Teachers Vote With Their Feet

As qualified teaching staff leave their jobs and flood out of the country, the schools are filling up with untrained teachers.

Teachers Vote With Their Feet

As qualified teaching staff leave their jobs and flood out of the country, the schools are filling up with untrained teachers.

Zimbabwe’s schoolteachers once belonged to the elite who could afford houses and cars, but increasing numbers are now joining the exodus of economic migrants, leaving pupils in the hands of untrained replacements.



In the Eighties, when the country was still in euphoric mood after achieving independence, teachers looked forward to a life of plenty. Today, however, they say they have been turned into paupers by the deepening economic crisis. Like most Zimbabweans – especially others working in the large public sector - teachers have found their salaries eroded almost to nothing by spiralling inflation, currently estimated at over 6,600 per cent year on year.



Teaching staff in state schools earn a little over three million Zimbabwe dollars (ZWD) a month, which works out at about 100 US dollars at the official exchange rate and but only six dollars on the parallel market, which is a better reflection of consumer prices.



Such is the level of anger at low wages in the education sector that when the militant Progressive Teachers Union of Zimbabwe, PTUZ, went on strike in September to press for higher pay, it was joined by the Zimbabwe Teachers’ Association, ZIMTA, which is seen as more closely aligned with the authorities.



PTUZ general secretary Raymond Majongwe said it was the third industrial action this year, which was prompted by the government’s continuing failure to address teachers’ concerns.



Three weeks after the strike began, however, the ZIMT – which conducted its strike action separately from the PTUZ - announced on October 4 that it had reached a settlement with a pay offer of 14 million ZWD a month. This was still below the official poverty line - set at 16.7 million ZWD as of August – which had been used as a negotiating measure, and also fell short of the 18 million ZWD which the PTUZ was seeking.



On October 10, the PTUZ leadership passed a resolution that its members should return to work while the union decided what to do next. This did not amount to an acceptance of the pay offer.
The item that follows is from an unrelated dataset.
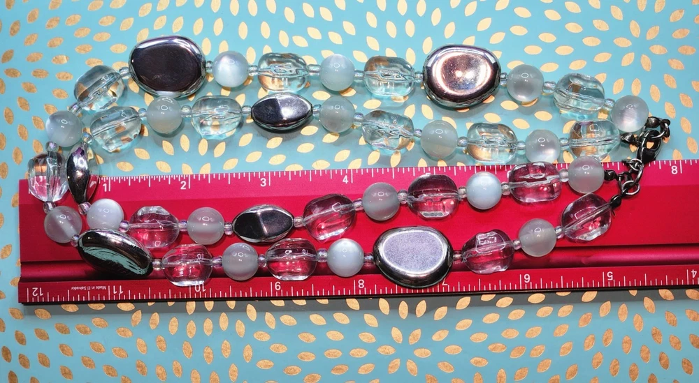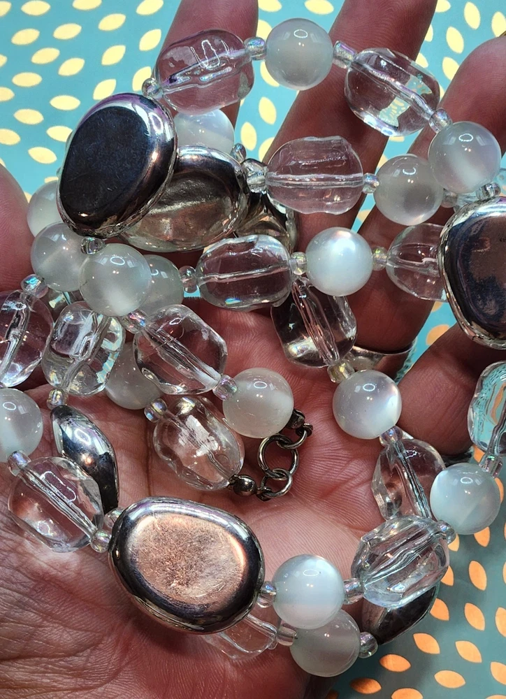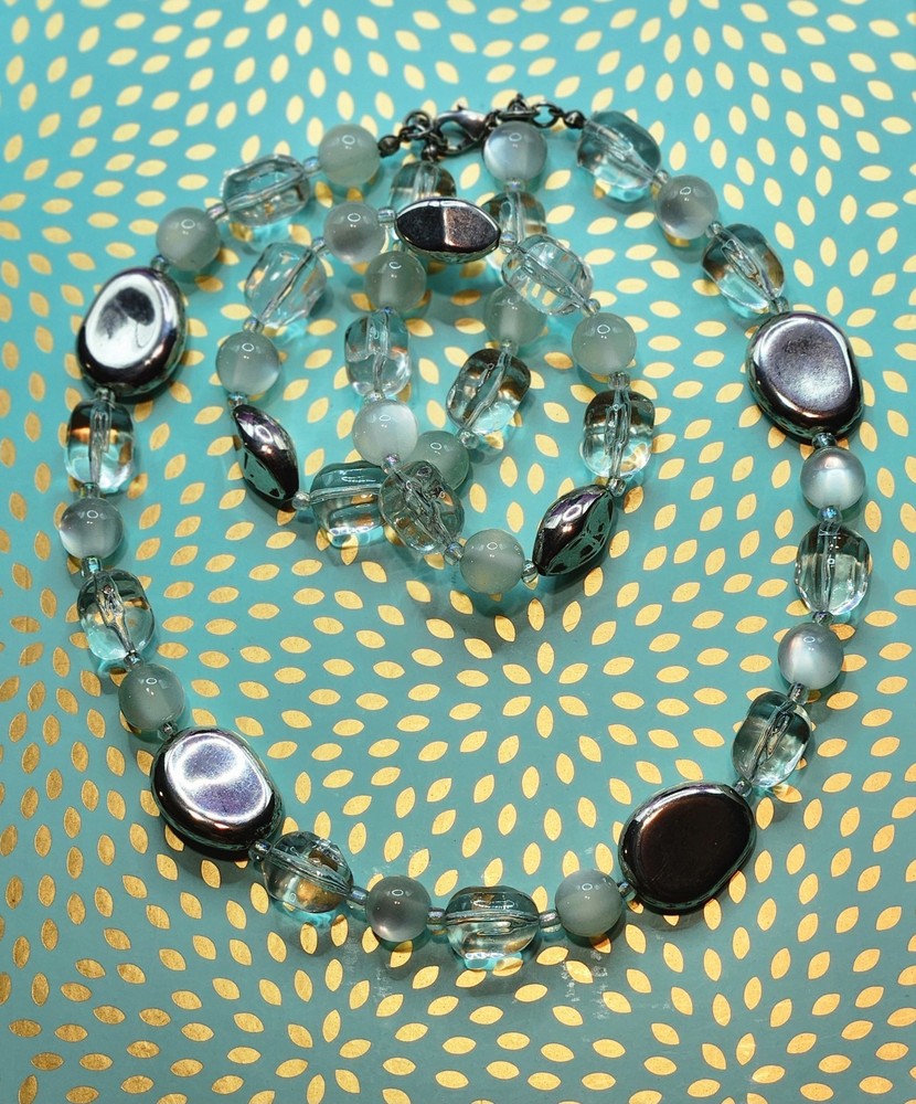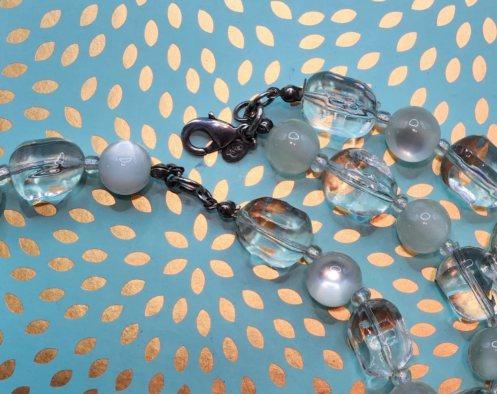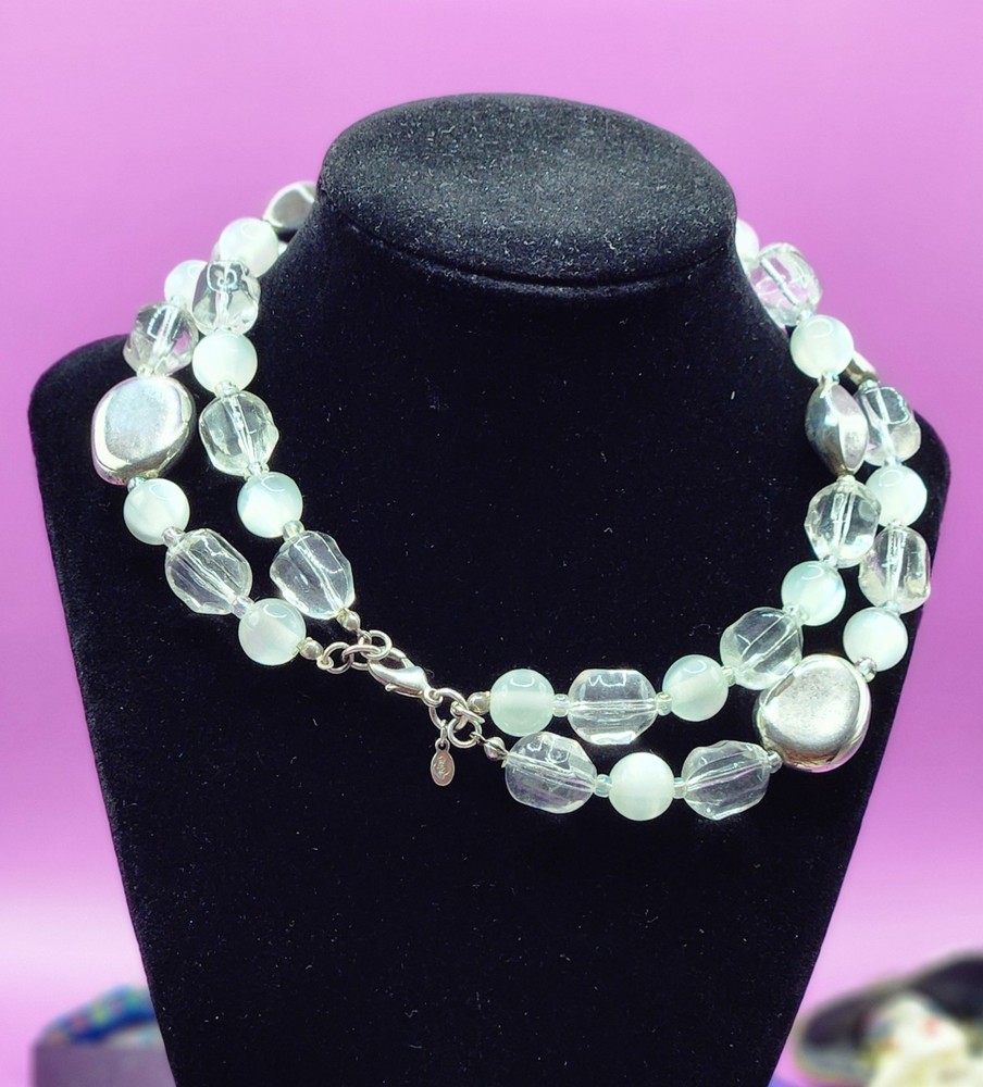 The Premier Designs Double Strand choker necklace features clear, silver, and cat's eye acrylic beads in a stylish beaded design. The necklace is signed by the brand and has a lobster closure for secure wear. With a vintage style this necklace is perfect for women who appreciate unique and fashionable jewelry pieces. If any questions plz contact me Tuly.

Whatever the outcome of the PTUZ’s deliberations, the government is unlikely to offer teachers a significant better deal in the near future. That means the mass outflow of teachers to neighbouring states is likely to continue.



Zimbabwean teachers are held in high regard in the region, and there is high demand for them in South Africa’s expanding education system, as well as in Botswana, Lesotho and Swaziland, and also in Mozambique, where there is rising demand for English-speaking educationists. Further afield, many have found teaching work in Britain and even Australia.



The PTUZ says more than 5,000 teachers resign every month in frustration over the poor pay.



According to Majongwe, many accept manual jobs if they cannot find teaching placements. “They find themselves as farm labourers in neighbouring Botswana and South Africa,” he said.



To fill the gap created by this exodus, the education authorities have hired untrained relief staff, despite complaints by both parents and qualified teachers that this is compromising children’s education.



Unqualified staff have always been used to plug gaps in school timetables, but until economic crisis set in at the end of the Nineties, young people looked on these temporary stints as a transitional phase while they looked for proper jobs.



In Zimbabwe’s second city Bulawayo, the education department is now full of school-leavers desperate to find work as relief teachers.



Majongwe believes the government is happy to take on more malleable workers who, because they are on temporary contracts, are barred from taking industrial action.



“Because the unqualified teachers are desperate for jobs, they take up these posts,” he said. “And they cannot complain about conditions because there are no jobs in the country. They are happy.”



One student in Bulawayo preparing for his Advanced Level exams, the final school qualification, said, “We are being taught by people with mere Advanced Levels, when we were told previously that we needed someone with a university degree to teach us. But people with university degrees no longer want to work here any more, because of poor salaries.”



An unqualified teacher in a Bulawayo secondary school admitted he had little option but to take this low-paid job, even though he sympathised with the striking teachers.



“Give me any job and I will take it, but because there aren’t any, this is what I will do in the mean time,” he said.



Majongwe says his union plans to work with parents and pupils to lobby the education ministry to stop recruiting untrained teachers. However, he fears it will be a futile exercise, because having this cheap and undemanding labour force on hand allows the government to resist pay demands from the trade unions.



Yamikani Mwando is the pseudonym of a reporter in Zimbabwe.